Harvard grew frustrated with its lack of success against Cornell in this era. Harvard, like many athletic directors in the Ivy League, began to emphasize that the Ivy League refuses to admit student-athletes who could not earn admission into each respective institution upon their own scholastic merits alone, and because Cornell's academic requirements were lower than those of Harvard, the Big Red's pool of eligible talent was much larger than that of Harvard.[6] This added an academic element to the Cornell-Harvard rivalry that lingers today.

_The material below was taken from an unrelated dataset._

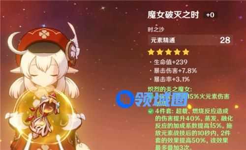 但如果你玩的是雷火超载队,或者是带上行秋/夜兰打蒸发队,可莉还是需要堆个100左右的元素精通的,毕竟反应伤害的占比高起来了。另外你也可以根据可莉带的圣遗物套装来考虑要不要堆精通,带魔女套就可以堆,带渡火套就没必要。

The Rivalry Grows Fowl and Fishy

Harvard continued to disparage Cornell for its lower academic standards. The argument continued much like it did during the Harkness era. Harvard mocked Cornell as being an academic institution of lower caliber than Harvard.[citation needed] Fans and coaches from Harvard alike pointed to New York State's College of Agriculture and Life Sciences at Cornell University as proof that Cornell and Harvard were not peer institutions and that the standards of the latter were far superior to those of the former. It did not take long for this criticism to find display on ice.

A Harvard fan threw a dead chicken at Cornell goalie Dave Elenbaas on January 6, 1973 during a Cornell-Harvard game at Harvard.[2] The chicken was an unsubtle and insulting allusion to the College of Agriculture and Life Sciences at Cornell. The Lynah Faithful were not to be outdone. They had just over a month to plan their retaliation.

One member of the Lynah Faithful decided to throw dead fish on the ice when the Crimson braved Lynah Rink on February 17, 1973. Many spectators assumed the fish to be a reference to Boston's seafood industry.[2] Harvard fans retaliated during the same game by tying a live chicken to Cornell's goalpost.

William Ruskin (Cornell '74) disagreed with this interpretation of events. He stated in 2006 that after hearing about Harvard's original 1973 chicken prank, he and his friends decided to get revenge, and started planning. "Contrary to what was in The New York Times this week, there was no intention at the time to have any symbolism of the New England fishing industry. We merely wanted to put something disgusting in their net...getting a big smelly fish seemed like the best thing we could do."[9] The tradition continued in February 1977 at Lynah when members of the Lynah Faithful tied a chicken to the Harvard goalpost between the second and third periods. The chicken was placed there by the late Bill "Wiffy" Silvia, a member of the class of 1978, Phi Sigma Kappa at Cornell, and a proud Big Red fan. Silvia said that placing the chicken was one of the proudest moments of his Cornell undergraduate years. Silvia had assistance in getting the chicken into Lynah Rink from the Big Red Bear at the time, the late Ron Winarick.

The tradition has taken a more standardized form since the 1970s. The Lynah Faithful deluge the Crimson with fish when the Harvard team takes the ice at Lynah Rink.[10] Harvard fans throw dead chickens at Cornell when the fans rediscover periodically the Harvard tradition of doing so. Harvard fans rediscovered this tradition before and acted accordingly during the Cornell-Harvard game at Bright on November 11, 2011.[11]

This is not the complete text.